In [1]:
__authors__ = "Anton Gochev, Jaro Habr, Yan Jiang, Samuel Kahn"
__version__ = "XCS224u, Stanford, Spring 2021"

## Colours with static embeddings

1. [Setup](#Setup)
1. [Dataset](#Dataset)
    1. [Filtered Corpus](#Filtered-Corpus)
    1. [Bake-Off Corpus](#Bake-Off-Corpus)
1. [Baseline-System](#Baseline-System)
1. [Experiments](#Experiments)
  1. [BERT Embeddings](#BERT-Embeddings)
  2. [XLNet Embeddings](#XLNet-Embeddings)
  3. [RoBERTa Embeddings](#RoBERTa-Embeddings)
  4. [ELECTRA Embeddings](#ELECTRA-Embeddings)

## Setup

This notebook explores the performance of the basemodel with using different pre-trained static embeddings extracted from transformers such as BERT, XLNet, RoBERTa, ELECTRA

In [2]:
from utils.colors import ColorsCorpusReader
import os
import pandas as pd
from sklearn.model_selection import train_test_split
import torch
from utils.torch_color_describer import ContextualColorDescriber, create_example_dataset
import utils.utils
from utils.utils import UNK_SYMBOL, START_SYMBOL, END_SYMBOL
import matplotlib.pyplot as plt
import matplotlib.patches as mpatch
import numpy as np
from baseline.model import (
    BaselineTokenizer, BaselineColorEncoder,
    BaselineEmbedding, BaselineDescriber, 
    GloVeEmbedding, BaselineLSTMDescriber    
)

from transformers import (
    BertTokenizer, BertModel,
    XLNetTokenizer, XLNetModel,
    RobertaTokenizer, RobertaModel,
    ElectraTokenizer, ElectraModel,    
)

import utils.model_utils as mu

## Dataset

This exploration of the dataset counts the examples for different classes and plots the words distribition in order to see any data imbalance issues.

### Filtered Corpus

The filtered corpus is the full dataset used in assignment 4. The following code looks at the composition of the dataset, the number of example in each condition as well as the word count used in the color descriptions.

In [3]:
COLORS_SRC_FILENAME = os.path.join(
    "data", "colors", "filteredCorpus.csv"
)

In [4]:
corpus = ColorsCorpusReader(
    COLORS_SRC_FILENAME,
    word_count=None,
    normalize_colors=True
)

In [5]:
examples = list(corpus.read())

In [6]:
len(examples)

46994

In [7]:
subset_examples = mu.extract_colour_examples(examples, from_word_count=5)

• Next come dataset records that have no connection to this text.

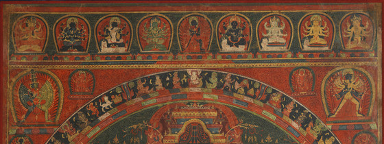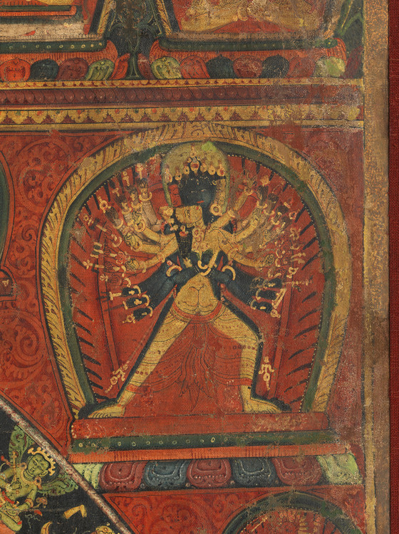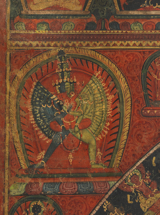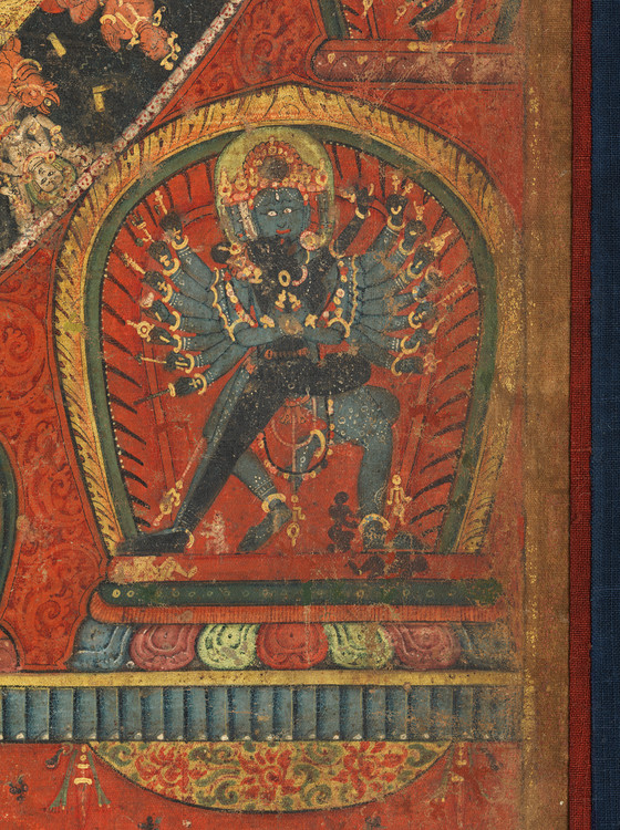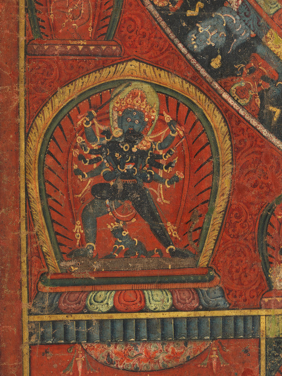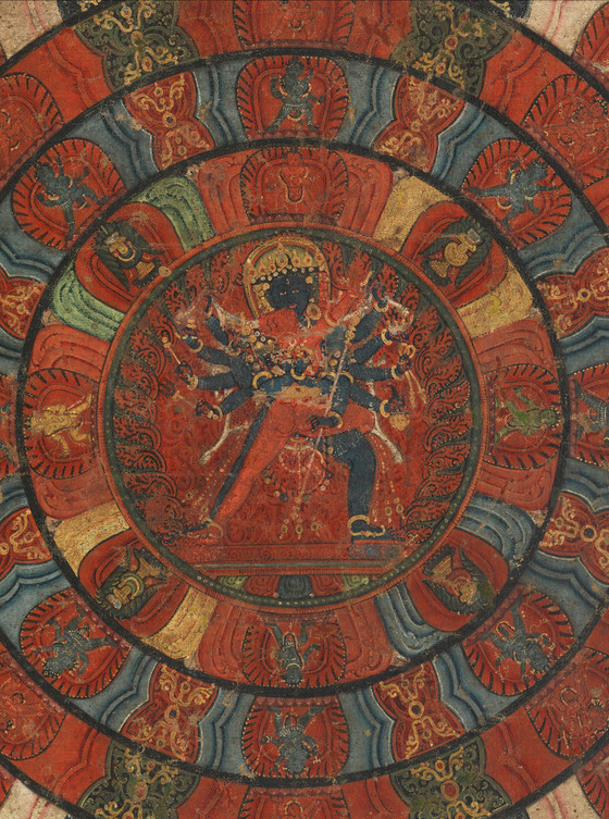 This painting provides a superb example of the fully detailed Chakrasamvara mandala iconography. Chakrasamvara and Vajravarahi are situated at the mandala’s core and a series of concentric circles, signifying the systematic purification of the practitioner’s body, radiates outward. The entire mandala is surrounded by the eight charnel fields, as an environment of renunciation of egoistic craving to prepare the practitioner for meditation.
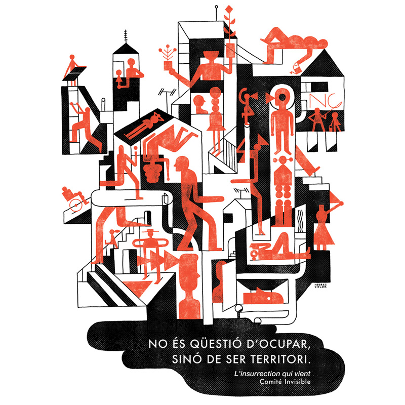 Il·lustració de Joan Negrescolor nominada com a finalista als Premis Junceda 2016 en la categoria d'edició. Originàriament va ser realitzada per a l'exposició City to City FAD Award dissenyada i produïda per la cooperativa d'arquitectes LaCol. "No és qüestió d'ocupar sinó de ser territori" és una cita extreta del llibre L'Insurrection qui vient del Comité Invisible.
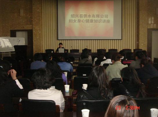 供水公司妇委会关心每位女职工的身心健康。(2010年)四月份邀请到了县中心医院妇科主任医师宋佳来公司作《妇女身心健康知识》讲座,50多名女职工听了讲座,并针对自身身体状况向宋医师咨询了解,通过专家的讲解使女职工们受益非浅。
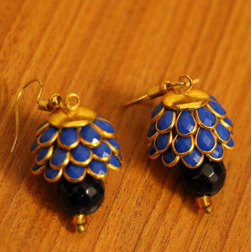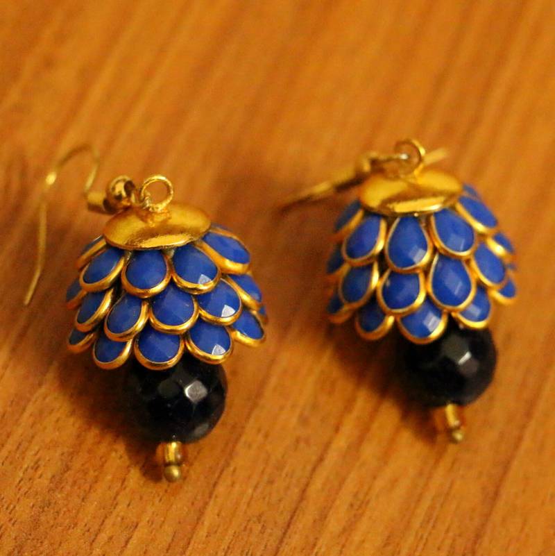 These beautiful earrings are handcrafted in copper alloy with imitation polki & onyx work of very fine quality. These earrings are coated with 18 kt gold polish which give them a unique look . An absolutely stunning piece to own and are very light in weight.

To understand the datasets (training and bake-off) in more details refer to [colors_in_context.ipynb](colors_in_context.ipynb). The notebook shows the distribution of the colours examples among the different splits.

### Bake-Off Corpus

The following code analyses the bake-off dataset. We will look at the number of examples for each of the conditions as well as the word count used to described the colors.

In [8]:
BAKE_OFF_COLORS_SRC_FILENAME = os.path.join(
    "data", "colors", "cs224u-colors-bakeoff-data.csv"
)

In [9]:
bake_off_corpus = ColorsCorpusReader(
    BAKE_OFF_COLORS_SRC_FILENAME,
    word_count=None,
    normalize_colors=True
)

In [10]:
bake_off_examples = list(bake_off_corpus.read())

In [11]:
len(bake_off_examples)

2031

## Baseline-System

This baseline system is based on assignment 4 and we use different token embeddings and sequences.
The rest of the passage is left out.